In October 1944, the Dutch language mass was replaced with Malay language, even though in reality it was still mixed with Dutch language. This condition continued until October 1945, when Indonesia proclaimed independence. After this, The church was renamed Nassaukerk again and the mass resumed in Dutch, but the desire to hold the mass in Indonesian language was apparent. At that time, there were only three Indonesian-speaking priests.
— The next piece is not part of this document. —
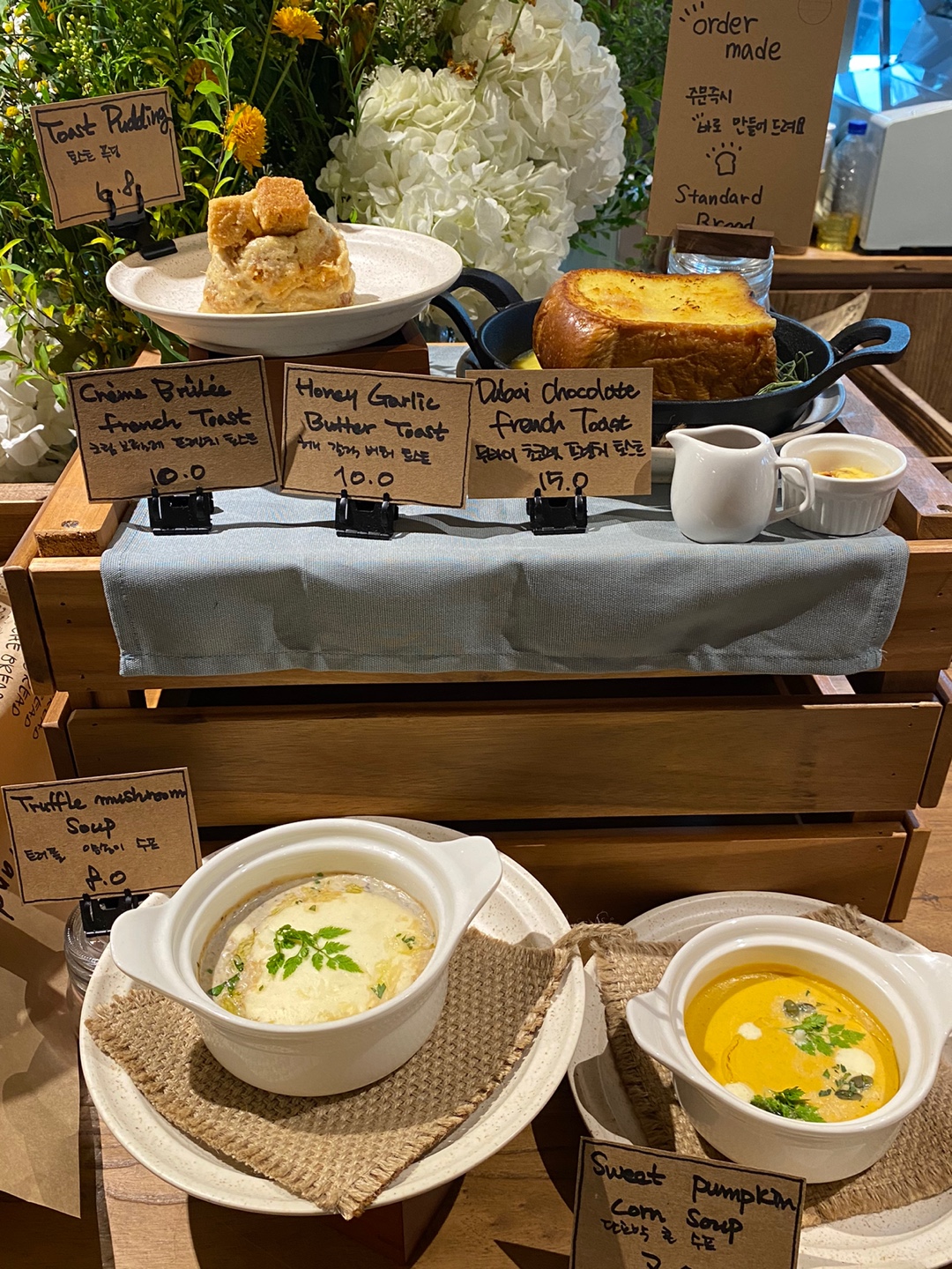 계산대에서는 수프나 토스트 종류 주문도 추가로 할 수 있어요.

On October 31, 1948, the synod of Protestant Church in West Indonesia was formed. Nassaukerk was renamed Pauluskerk or Gereja Paulus (St. Paul's Church).

Architecture
Gereja Paulus was designed by Frans Ghijsels of AIA bureau in New Indies Style, a branch of Dutch Rationalism that appeared in the Dutch Indies. It has a cross-shaped layout, symbolizing the four cardinal points. The dominant form of the church is its steeped roofs with skylights on each of the four facades.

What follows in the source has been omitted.